Work instruction:
Beginning with the line that contains "本体の素材はマットな微光沢素", transcribe the rest of the listing below exactly, including its last line, and exclude any pictures.
· · · · ·
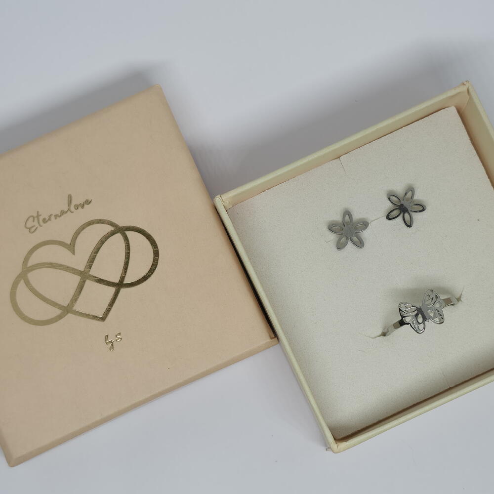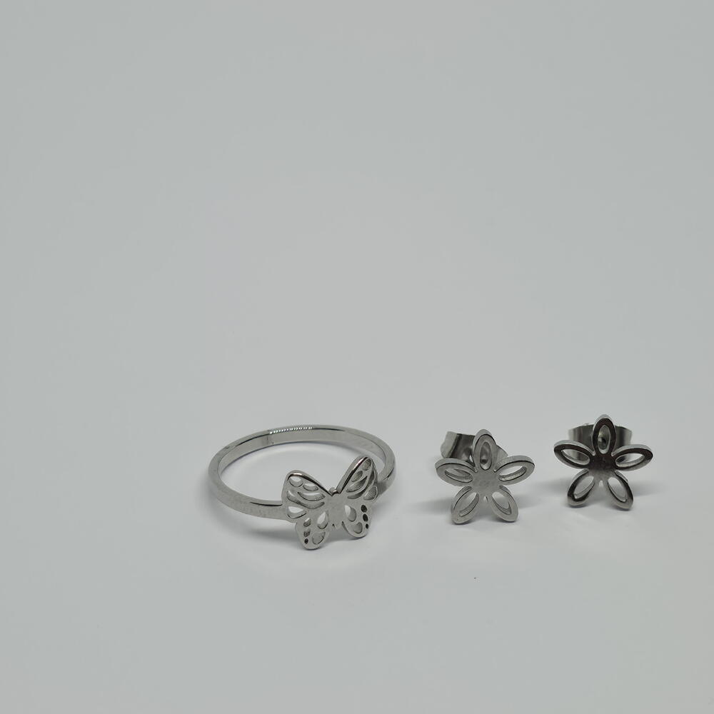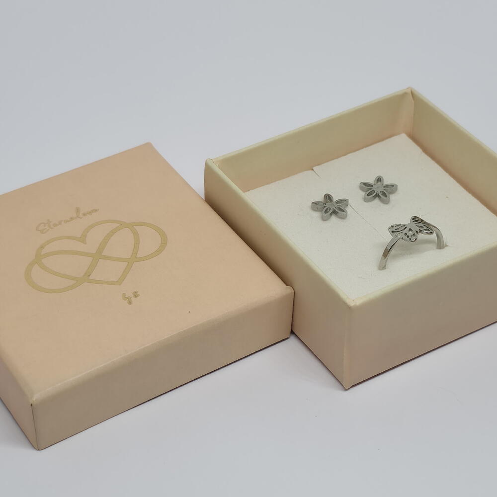 A delicate silver jewelry set inspired by soft floral shapes and everyday elegance. Minimal flower earrings paired with a matching ring create a timeless and feminine look. The adjustable ring ensures a comfortable fit, making this set perfect for daily wear or effortless gifting. Carefully packed in an elegant gift box, ready to be worn or gifted. ✨
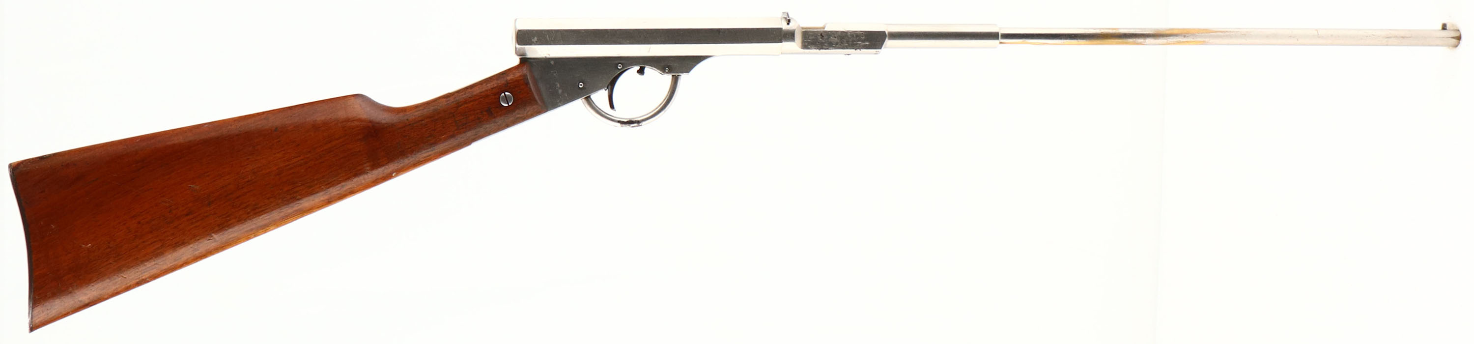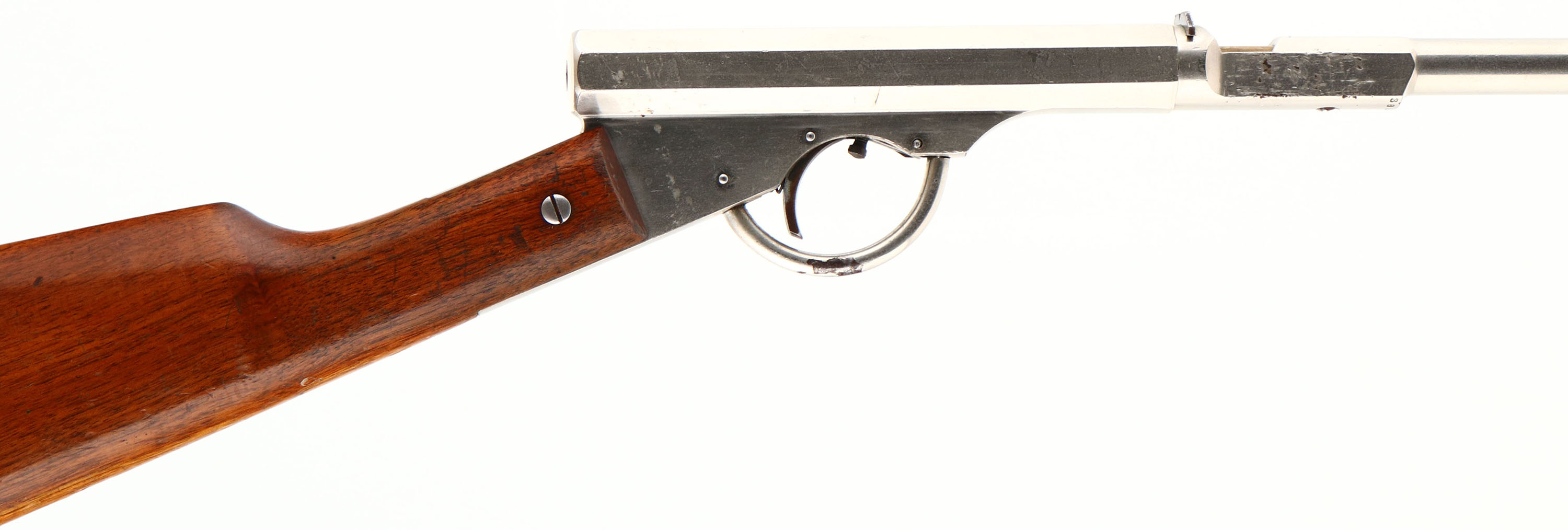 H.M Quackenbush, Model No. 1 Quackenbush Air Gun, CAL: .210'' diameter Darts & slugs, MFG: 1893-1920, SN: NONE, Single Shot Rifle, 16.5'' barrel. The No. 1 started production in 1893 to around 1920, & was the first in a line of variations & modifications, those being the models. 2, 3, 4, 7, 9 & 10. This earlier version is without the wood forearm. The original straight grip wood stock is excellent & solid. There are minor contusions, scrapes & dings, with a thin added layer of protective oil over the original finish. There is a glue repaired chip at the back of comb against the buttplate. The original nickel finish has 90% remaining on the receiver 60% on the barrel, with worn mostly due to pump action & some flaking on the trigger guard. Bore is good. Fixed rear sight & small post blade front sight. Original metal buttplate. The pumping of the barrel is very stiff & the action no longer generates compression for a shot. A good looking example that needs some gunsmith adjustment or repair. Rifle is therefore being sold ''AS IS'' with no returns. No FFL Req. - Value: 40 to 100
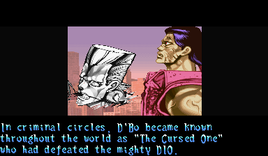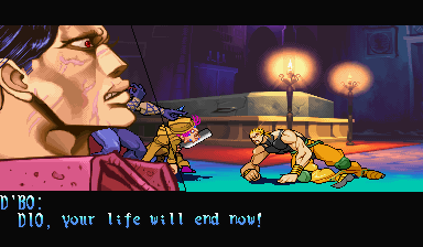 | Joseph | Jotaro | Avdol | Iggi | Mahrahia | Chaca | Petshop | Black Polnareff | Holhorse | Midler | Kakyoin | Dio | | Iced | - D'Bo - | Alessy | Polnareff | Jojo | Robber Soul | Holhorse & Voing | New Kakyoin | Kan | Shadow Dio | |
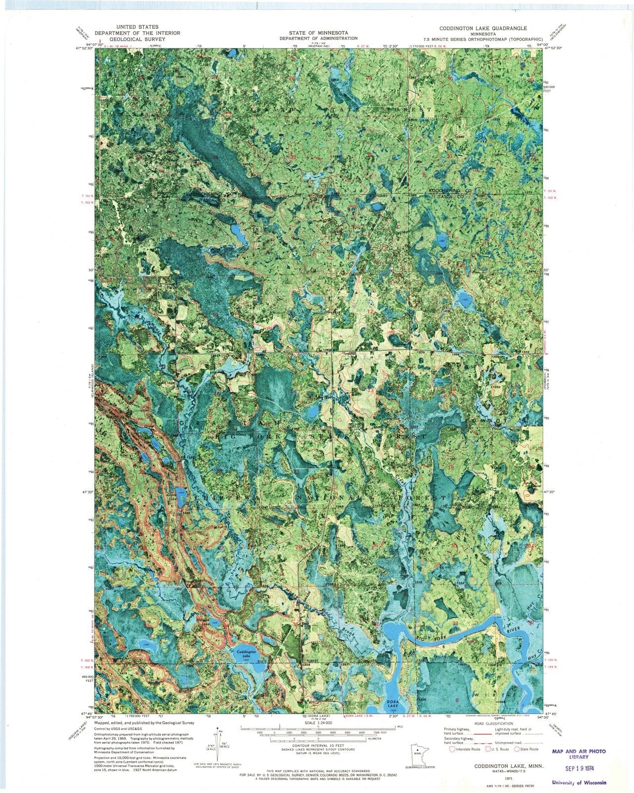 1971 Coddington Lake, MN - Minnesota - USGS Topographic Map
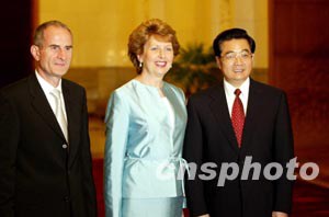 會談前,胡錦濤主席為麥卡利斯總統訪華舉行了歡迎儀式。
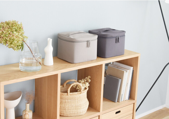 本体の素材はマットな微光沢素材のファブリック。まるでバニティポーチのような、一見救急箱には見えないデザインで、景観を崩さず置けるのがポイントです。
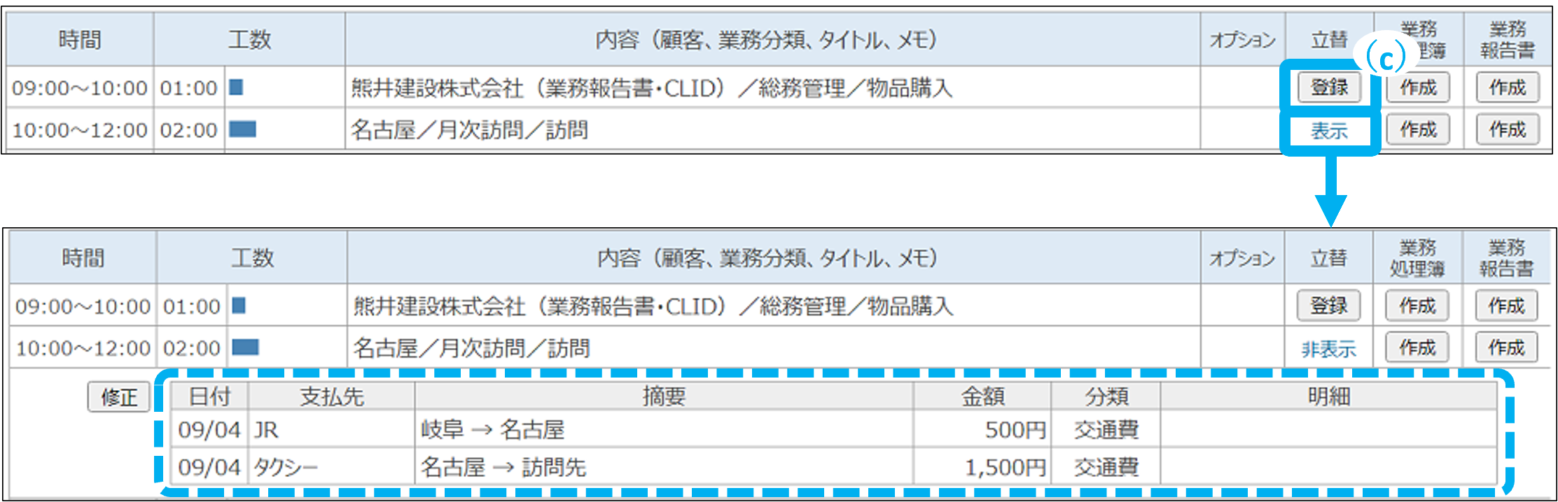 日報参照画面からも立替を登録できます。
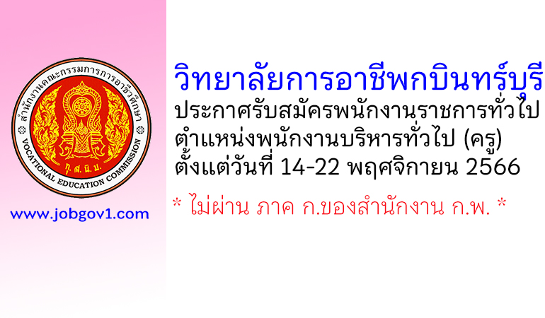 วิทยาลัยการอาชีพกบินทร์บุรี รับสมัครพนักงานราชการทั่วไป ตำแหน่งพนักงานบริหารทั่วไป (ครู) ตั้งแต่วันที่ 14-22 พฤศจิกายน 2566
· · · · ·
Exercise answer:
 本体の素材はマットな微光沢素材のファブリック。まるでバニティポーチのような、一見救急箱には見えないデザインで、景観を崩さず置けるのがポイントです。
 日報参照画面からも立替を登録できます。
 วิทยาลัยการอาชีพกบินทร์บุรี รับสมัครพนักงานราชการทั่วไป ตำแหน่งพนักงานบริหารทั่วไป (ครู) ตั้งแต่วันที่ 14-22 พฤศจิกายน 2566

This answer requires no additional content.